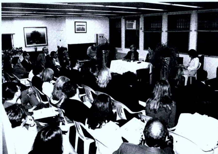
Em 2002, a Amatra realizou debates com os candidatos a presidência do TRT.
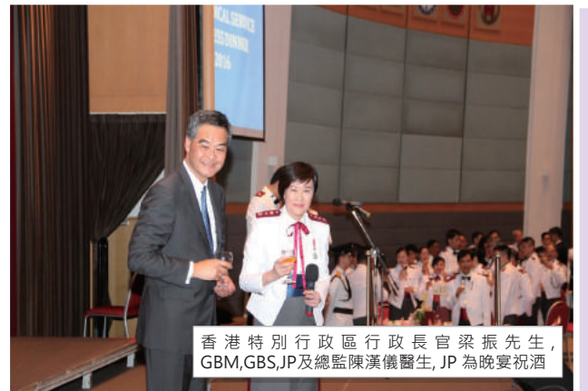
香港特別行政區行政長官梁振英先生,GBM,GBS,JP及總監陳漢儀醫生,JP為晚宴祝酒
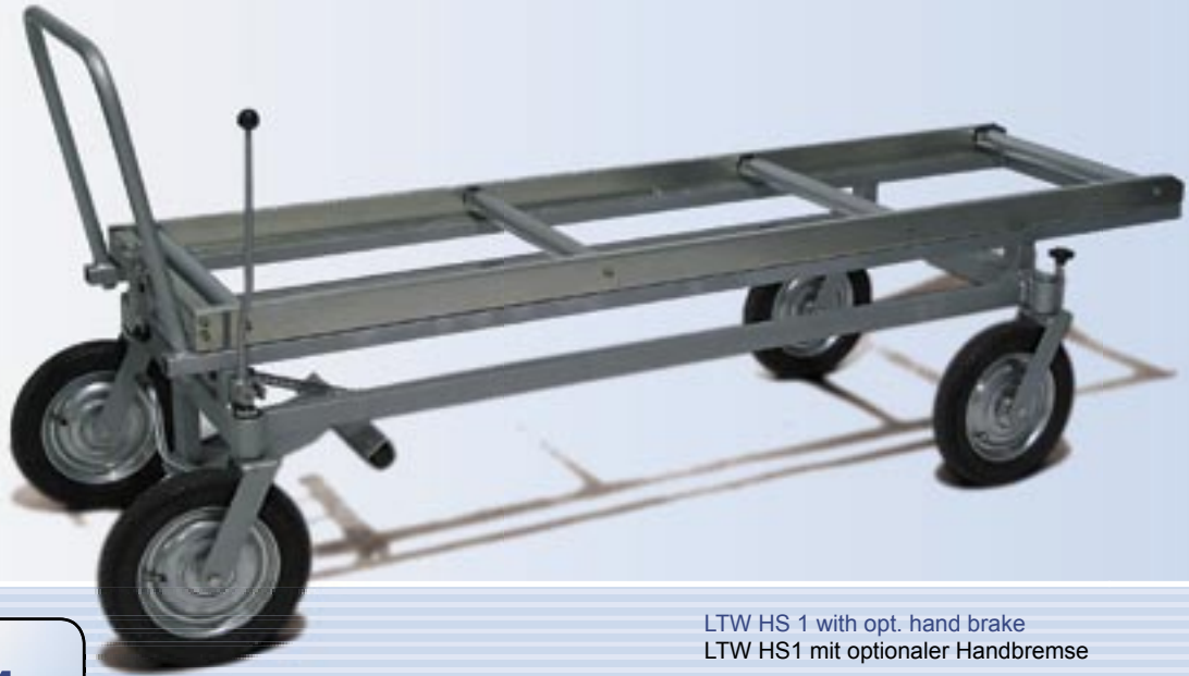
LTW HS 1
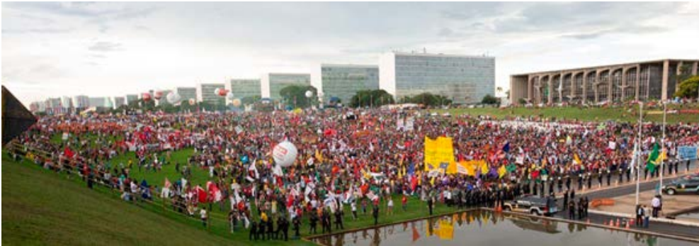
Figura 3: Manifestação contra a PEC 241 em Brasília DF Fonte: Jornalistas livres - Dezembro, 2016

Algumas instituições obtiveram sucesso em reivindicações internas específicas, para melhoria, por exemplo das salas de aula, de reforma em quadra esportiva, ou de melhoria da merenda escolar, ainda que a PEC 241, atual EC 95, considerada autoritária e ausente diálogo com a sociedade, tenha sido aprovada. No ano de 2018, vários alunos ocuparam novamente as instituições de ensino, devido aos efeitos do contingenciamento. No caso da Faculdade de Arquitetura e Urbanismo da UnB, foi deliberado em assembleia estudantil a greve dos alunos e a ocupação da Faculdade. Com impactos ainda maiores do que os previstos, a PEC 241, com vigência a partir de 2017, gerou vários problemas na administração da Universidade, e uma grande parte dos funcionários terceirizados foram demitidos, porteiros, seguranças, funcionários de serviços gerais, como manobra de contenção de gastos para continuidade de funcionamento da UnB, que foi um dos principais motivos para a reocupação dos espaços.
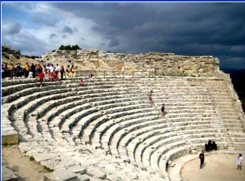
Teatro greco di Segesta

CALASCIBETTA (EN) - IL NOME Dall'arabo Qalat-sciabat (il castello sulla vetta): è infatti posta sull'altura che fronteggia Enna, a 691 metri sul mare. GLI ABITANTI Calascibettesi
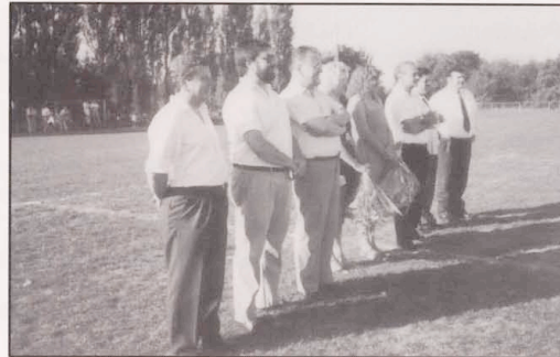
Vor dem Finale
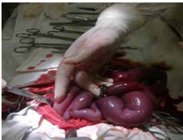
Рис. 1. МИТ, перфорировавшие подвздошную кишку

Пациент 2 лет госпитализирован 28.09.2014г., через 3 часа с момента проглатывания МИТ. Мама заметила, что ребенок проглотил неодимовые шарики от конструктора. При поступлении выполнена обзорная рентгенограмма брюшной полости, на которой выявлено 15 МИТ, расположенных цепочкой в пищеводе и желудке (рис. 3). Под эндотрахеальным наркозом выполнена ФГДС, при которой с большим трудом, так как часть магнитов, попавших в желудок, притянулись к тем, что были в пищеводе, и зажали угол Гиса, были извлечены МИТ. Через сутки выписан домой.
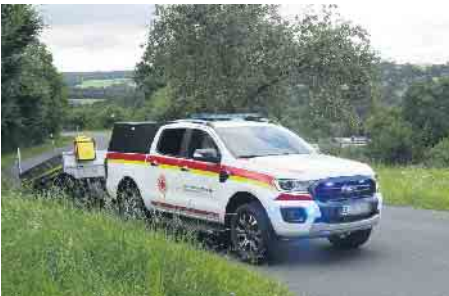
Ein neuer Pickup des DRK machte sich gleich als Transportfahrzeug für das UTV verdient.
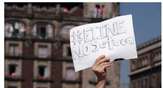
La defensa del INE convocó a decenas de miles de ciudadanos.
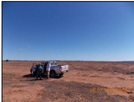
Figura 9: Entrevista com o Sr. Valdete em Espinheiro 1.

Relata a ocorrência de tocas numa baixa próximo ao local. Afirma que em seu terreno e nos adjacentes não ocorrem tocas , nem furnas , nem sumidouros .
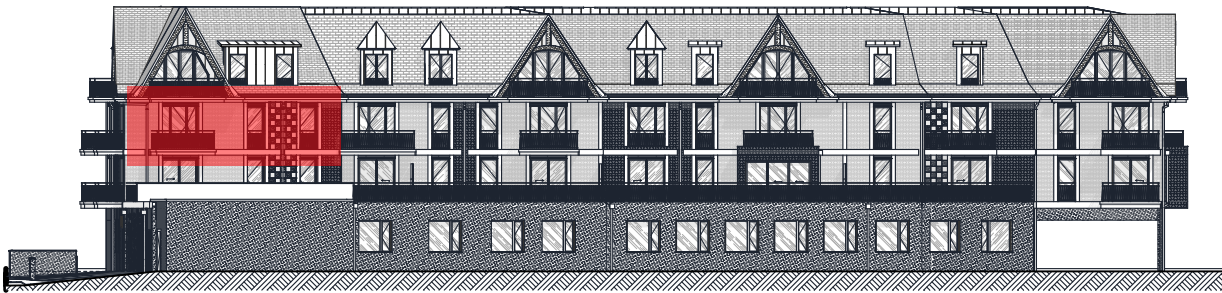
FACADE SUD - Echelle : 1/400ème
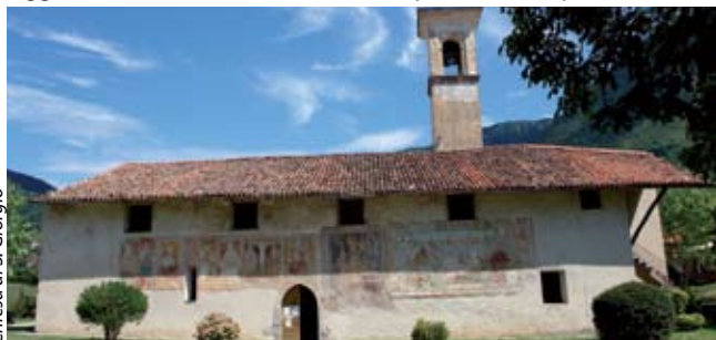
Chiesa di S. Giorgio

frazione di Cislano , di enormi guglie di terra che sostengono grossi massi: le piramidi di terra o erosione , risultato di un raro fenomeno naturale che vanta pochi esempi al mondo. In questo luogo straordinario, merita un attento sguardo la chiesetta di San Giorgio , parrocchiale di Zone fino al XVI secolo. Fu costruita nel XV secolo, sulla parete laterale esterna ci sono degli affreschi del 1400 tra cui San Giorgio a cavallo mentre uccide il drago . Proseguendo in

*-*-*

» **What you have to do**: Copy each line from the entries above that has the word "sulla" in it.

» **Written response**:
CALASCIBETTA (EN) - IL NOME Dall'arabo Qalat-sciabat (il castello sulla vetta): è infatti posta sull'altura che fronteggia Enna, a 691 metri sul mare. GLI ABITANTI Calascibettesi
frazione di Cislano , di enormi guglie di terra che sostengono grossi massi: le piramidi di terra o erosione , risultato di un raro fenomeno naturale che vanta pochi esempi al mondo. In questo luogo straordinario, merita un attento sguardo la chiesetta di San Giorgio , parrocchiale di Zone fino al XVI secolo. Fu costruita nel XV secolo, sulla parete laterale esterna ci sono degli affreschi del 1400 tra cui San Giorgio a cavallo mentre uccide il drago . Proseguendo in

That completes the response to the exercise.